**What to work on:** Nothing but the lines below from the one with "Pack de tres" through the one with "ファイルを自動ダウンロードした上で OpenVPN へ引き継ぎます" should be output, each exactly as given, and no pictures.

Extracted material Block Start

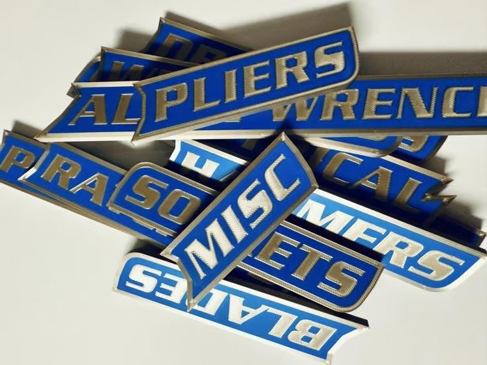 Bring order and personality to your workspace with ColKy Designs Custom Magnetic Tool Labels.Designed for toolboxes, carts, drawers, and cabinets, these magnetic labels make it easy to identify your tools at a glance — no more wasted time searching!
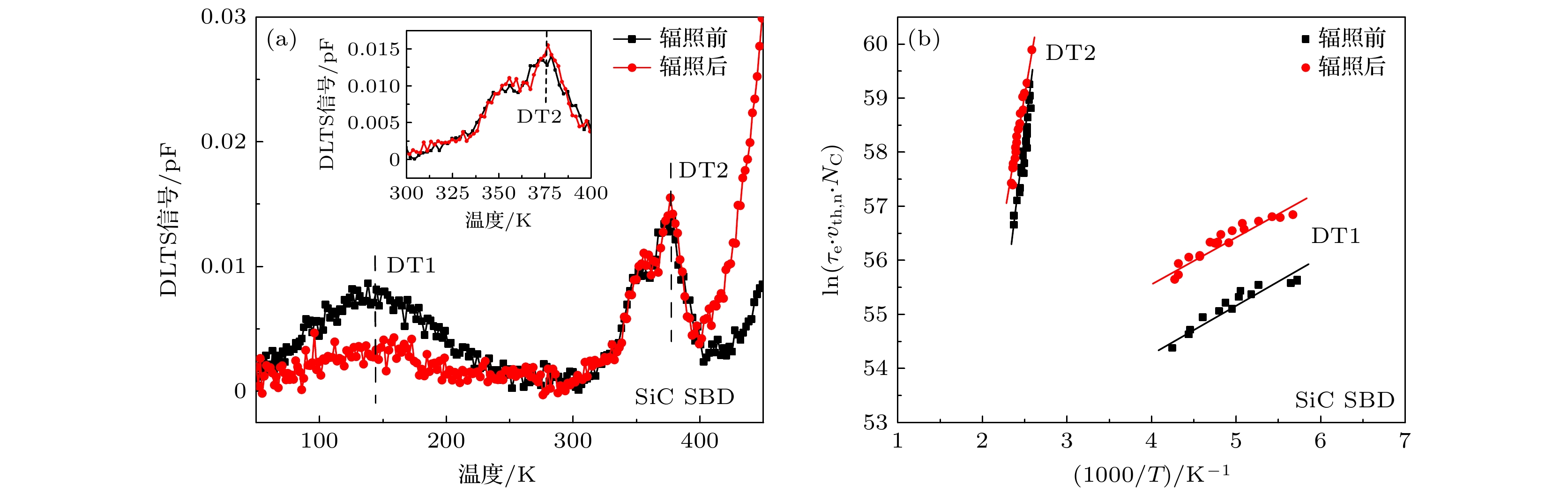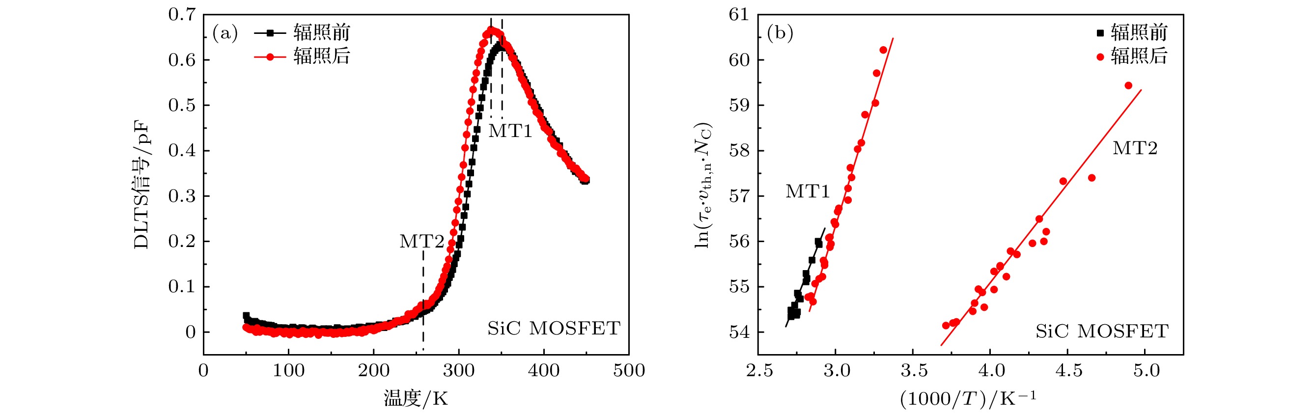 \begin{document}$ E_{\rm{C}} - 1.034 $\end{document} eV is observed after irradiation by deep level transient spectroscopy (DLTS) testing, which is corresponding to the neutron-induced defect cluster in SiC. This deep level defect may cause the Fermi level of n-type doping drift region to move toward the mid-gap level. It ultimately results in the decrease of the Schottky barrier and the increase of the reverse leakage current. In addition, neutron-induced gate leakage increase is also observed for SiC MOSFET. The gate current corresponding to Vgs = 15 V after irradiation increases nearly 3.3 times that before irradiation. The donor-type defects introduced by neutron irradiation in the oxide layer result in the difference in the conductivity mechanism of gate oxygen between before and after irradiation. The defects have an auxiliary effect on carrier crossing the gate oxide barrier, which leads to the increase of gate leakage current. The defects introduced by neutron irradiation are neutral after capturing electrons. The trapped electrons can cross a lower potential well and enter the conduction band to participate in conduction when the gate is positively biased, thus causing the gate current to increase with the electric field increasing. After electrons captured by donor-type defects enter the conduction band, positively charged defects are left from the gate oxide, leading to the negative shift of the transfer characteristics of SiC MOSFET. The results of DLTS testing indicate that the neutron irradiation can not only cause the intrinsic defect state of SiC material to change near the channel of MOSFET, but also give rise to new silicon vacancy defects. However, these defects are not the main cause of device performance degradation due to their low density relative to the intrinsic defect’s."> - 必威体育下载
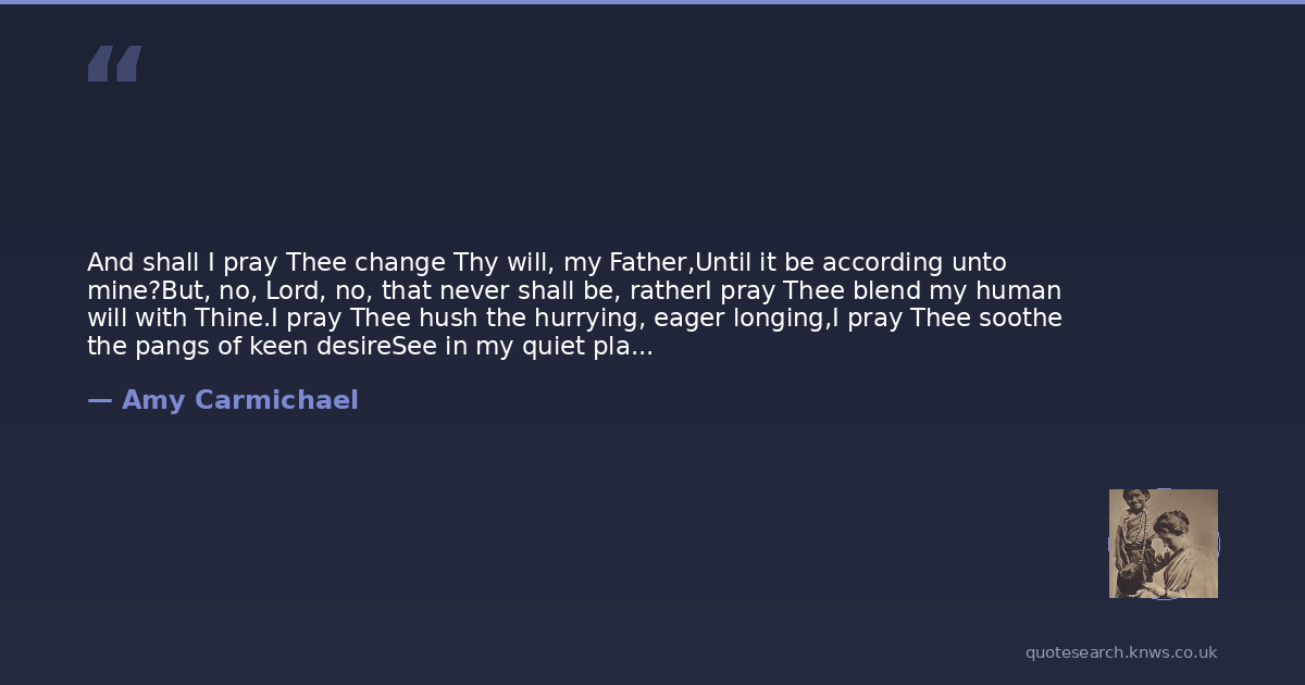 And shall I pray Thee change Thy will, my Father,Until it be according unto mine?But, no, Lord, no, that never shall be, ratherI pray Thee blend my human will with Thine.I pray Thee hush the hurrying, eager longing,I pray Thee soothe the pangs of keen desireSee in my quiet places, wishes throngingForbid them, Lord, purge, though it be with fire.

Extracted material Block End
Extracted material Block Start

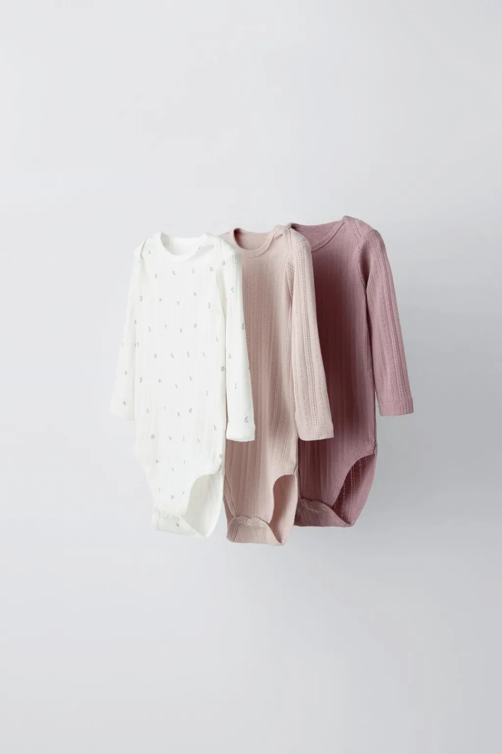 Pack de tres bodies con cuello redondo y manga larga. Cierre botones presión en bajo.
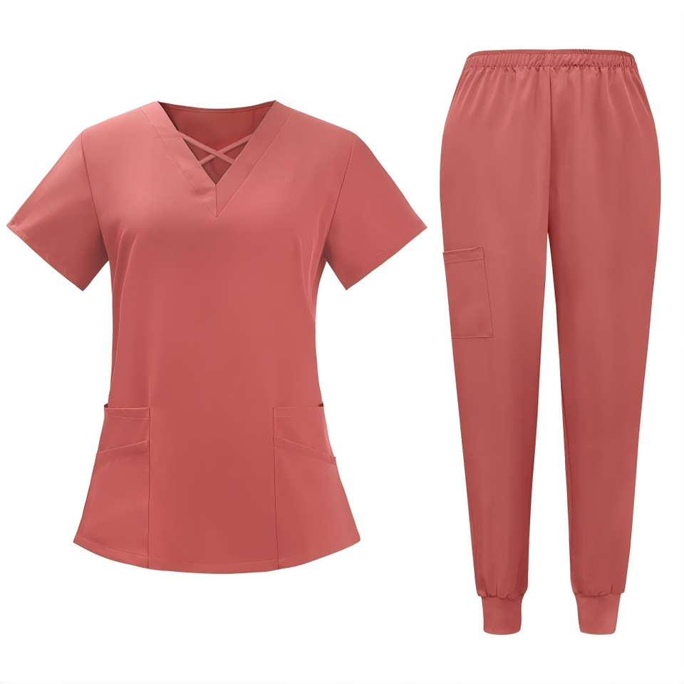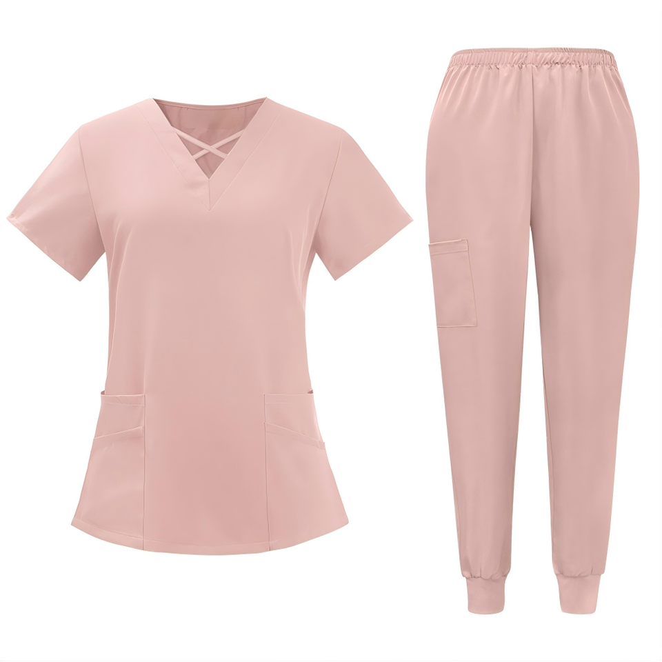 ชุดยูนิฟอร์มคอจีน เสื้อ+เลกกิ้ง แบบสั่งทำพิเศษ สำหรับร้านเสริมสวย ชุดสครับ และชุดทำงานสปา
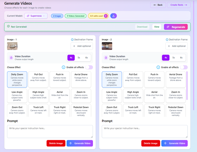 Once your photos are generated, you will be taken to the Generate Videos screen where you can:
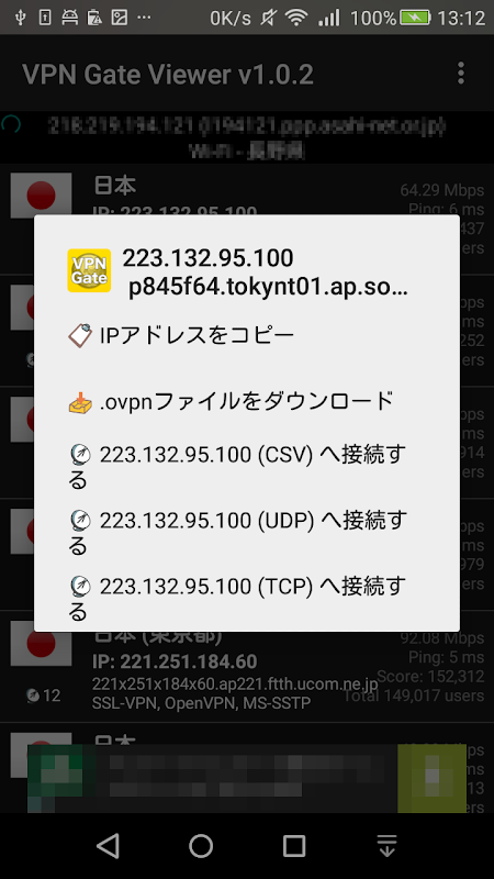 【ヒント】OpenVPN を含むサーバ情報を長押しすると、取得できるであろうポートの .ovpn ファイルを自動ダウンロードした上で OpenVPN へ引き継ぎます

Extracted material Block End

**Solution to this task:**
 Pack de tres bodies con cuello redondo y manga larga. Cierre botones presión en bajo.
 ชุดยูนิฟอร์มคอจีน เสื้อ+เลกกิ้ง แบบสั่งทำพิเศษ สำหรับร้านเสริมสวย ชุดสครับ และชุดทำงานสปา
 Once your photos are generated, you will be taken to the Generate Videos screen where you can:
 【ヒント】OpenVPN を含むサーバ情報を長押しすると、取得できるであろうポートの .ovpn ファイルを自動ダウンロードした上で OpenVPN へ引き継ぎます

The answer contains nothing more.